Today is the Christian Feast of the Epiphany, the day celebrating the three wise men from the east visiting the infant Jesus with gifts of gold, frankincense, and myrrh.  Symbolically, this captures the world’s old wisdom systems acknowledging the new dispensation of love and renewal represented by God entering the world and taking human form, the “word made flesh.”   When we have a breakthrough, we call it an epiphany.

T. S. Eliot wrote one of my favorite of his poems about the event.  “Journey of the Magi” picks up some of the themes of other Eliot poems, especially the search for life and meaning in a barren wasteland.  In this case, the wasteland is cold and the journey is hard:

A cold coming we had of it,
Just the worst time of the year
For a journey, and such a long journey:
The ways deep and the weather sharp,
The very dead of winter.
And the camels galled, sore-footed, refractory,
Lying down in the melting snow.
There were times when we regretted
The summer palaces on slopes, the terraces,
And the silken girls bringing sherbet.
Then the camel men cursing and grumbling
And running away, and wanting their liquor and women,
And the night-fires going out, and the lack of shelters,
And the cities dirty and the towns unfriendly
And the villages dirty and charging high prices:
A hard time we had of it.
At the end we preferred to travel all night,
Sleeping in snatches,
With the voices singing in our ears, saying
That this was all folly.

 Then at dawn we came down to a temperate valley,
Wet, below the snow line, smelling of vegetation;
With a running stream and a water mill beating the darkness,
And three trees on the low sky,
And an old white horse galloped away in the meadow.
Then we came to a tavern with vine-leaves over the lintel,
Six hands at an open door dicing for pieces of silver,
And feet kicking the empty wineskins.
But there was no information, and so we continued
And arrived at evening, not a moment too soon
Finding the place; it was (you may say) satisfactory.

 All this was a long time ago, I remember,
And I would do it again, but set down
This set down
This: were we led all that way for
Birth or Death? There was a Birth, certainly,
We had evidence and no doubt.

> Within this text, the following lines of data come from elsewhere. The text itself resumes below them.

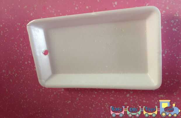 Encontrar una bandeja de comida super mercado, hacer un agujero como este pic.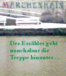 XXIX. Der sich im Wasser spiegelnde Erzähler geht nonchalant die Treppe herunter und verliert sich
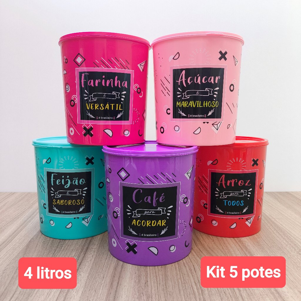 Kit 5 Potes Porta Mantimentos Grandes, Coloridos e Decorados 4 litros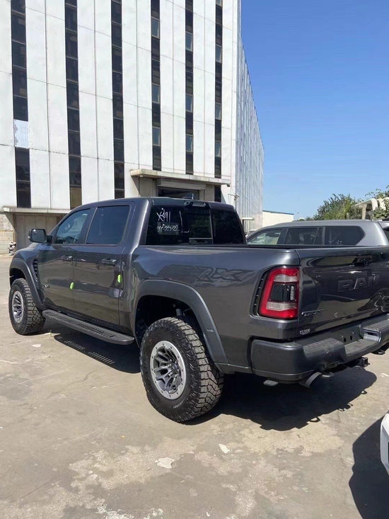 道奇公羊霸王龙1500TRX天津港价格道奇公羊霸王龙家族高大威猛的造型设计,同时细节部分融入了更多高性能元素,包括经过黑化处理的前格栅,引擎盖两侧的黑色进气口,以及为了容纳巨大的机械增压器而设计的通风口等等。此外,新车还配备了视觉冲击力更强的黑色轮眉和外露式的拖车钩,看上去十分霸气。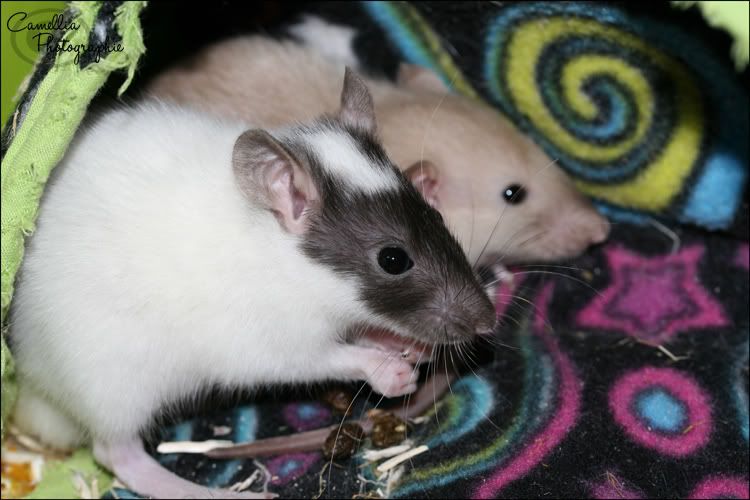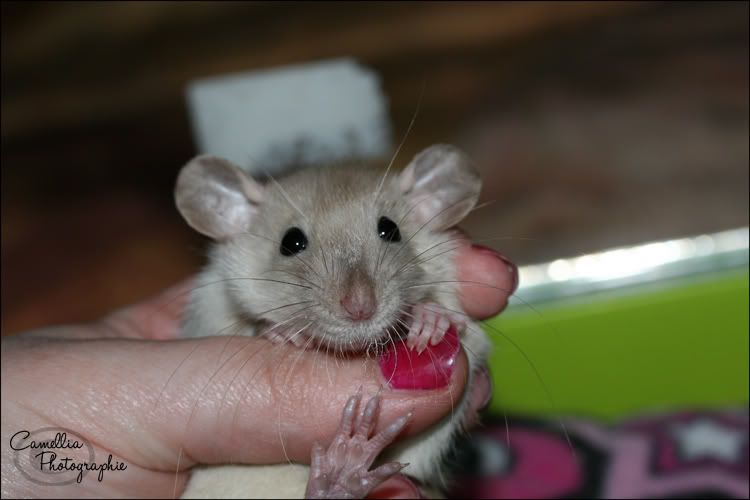 Camellia1 0 Posté(e) le 27 février 2012 Je vais prendre mon courage à deux mains et faire un hommage à mes deux loulous!Vous le savez tous que j'ai perdu Tattoo et Diabolo il y'a peu à quelques jours d'intervalle!Je vais commencer avec Diabolo!Diabolo c'était mon premier loulou bleu , j'avais depuis longtemps l'envie d'avoir un jour un petit mec bleu dans ma troupe! Et en allant adopté Suncé, j'ai vu dans la cage juste à coté, des petites bouilles! Et la je vois passer un petit truc bleu! C'était diabolo !Avec sa micro étoile , et sa petite bouille de bébé, j'ai eu le coup de coeur de suite! Je l'ai réservé aussitôt et je suis venu le chercher quelques semaines après! Diabolo c'était surtout un rat nounours , mon plus gros gabarit chez les males avec une bouille ronde! Un gentil petit nounours! Il avait l'art pour trouver les meilleurs endroit pour dormir, le plus confortablement possible et surtout au chaud! Car sa 1ere passion était bien entendu la sieste! Même en sortie, il courrait partout pour se trouver une cachette pour dormir! Malgré tout c'était un rat très présent, présent pour toutes les sorties et pour des séances de grattouilles! C'était ma bonne bouille!Diabolo allait sur ses 1 an et 7 mois, malheureusement il a eu un AVC et suite à cela son état était vraiment mauvais! Il avait perdu pas mal de faculté et j'ai donc préfère le laisser partir .Il me manque terriblement , mon gros n'est plus la . Sa présence me manque énormément tout comme sa bouille . J'ai vécu une chouette histoire avec lui , et comme à chaque fois j'aimerai que celle ci ne s’arrête jamais. Repose en paix mon Diabolo !Diabolo c'était :Tattoo maintenant! Mon Tattoo c'est aussi un gros coup de coeur , j'ai fais pas mal de kilomètre pour l'avoir , pour le retrouver vivant dans une cage à souris avant maman papa et frere et soeurs! Sur copeaux et comme alimentation des croquettes pour chien! A la place d'être noir il était gris!Il avait un charme fou ce rat, avec sa tête de nouille et son marquage ca faisait de lui un petit lutin! C'était même son petit surnom dans la famille! Mes nièces étaient fan de lui ! C'était mon gros lutin à la tête de nouille! Il manquait jamais de faire une petite léchouille à chaque fois que je mettais ma mains dans la cage! Il était vraiment très présent et adorer pouvoir sortir à toute occasion pour aller faire le fou !Mon Tattoo c'est une grande histoire d'amour, comme je pense avec tous mes rats! Cette histoire ce fini bien vite comme celle avec Diabolo car Tattoo allait avoir 1 an et 6 mois . J'aurais aimer le voir devenir papy .Mon Tattoo me manque terriblement ! C'est un vide énorme dans la cage, qui est limite assez déstabilisant quand on en perd autant en si peu de temps.Mon Lutin repose en paix , tu es parti avec ton pote Diabolo à deux pour le paradis des loulous!Tattoo c'était :Reposez en paix mes loulous! C'est vraiment avec beaucoup de chagrin que j'ai du vous laisser partir! Partager ce message Lien à poster Partager sur d’autres sites

I had seen birth and death,
But had thought they were different; this Birth was
Hard and bitter agony for us, like Death, our death.
We returned to our places, these Kingdoms,
But no longer at ease here, in the old dispensation,
With an alien people clutching their gods.
I should be glad of another death.

Eliot sees us living in a world that is hard and materialistic and that resists wonder.  We may be seduced by its inducements, its summer palaces and its silken girls bringing sherbet, but ultimately they fail to satisfy.  Once we have seen the promise of a world filled with meaning, we are no longer at ease with how we have been living our lives.

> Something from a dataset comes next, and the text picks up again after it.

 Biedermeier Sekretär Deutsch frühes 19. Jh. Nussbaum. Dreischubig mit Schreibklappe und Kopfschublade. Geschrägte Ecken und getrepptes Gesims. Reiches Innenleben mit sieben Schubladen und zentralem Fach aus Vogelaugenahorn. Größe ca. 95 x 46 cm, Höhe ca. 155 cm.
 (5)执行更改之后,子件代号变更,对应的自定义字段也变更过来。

But to open ourselves to mystery, we must break with dull routine, the water wheel beating the darkness.  And we must override the voices telling us that our dreams are folly.

I love the images in the second stanza, which seem matter of fact and yet hint at a deeper significance.  To nail them down too much is to violate them so just check out to see whether they delight your imagination. (When symbols become mechanistic equal signs, then literature becomes engineering.)  Do the three trees foreshadow the three crosses and the six hands dicing for silver foreshadow the Roman centurions throwing for Christ’s garments (or the silver payoff to Judas)?  Is the white horse Christ’s soul? How does a white horse running free in a field make you feel?

T. S. Eliot is one who has felt like an old man in a dry month (“Gerontion”) or a scarecrow (“The Hollow Men”).  In “The Wasteland” he hears the rattle of bones and sees fear in a handful of dust.  The journey of the magi represents for him a direction he can travel to restore vitality.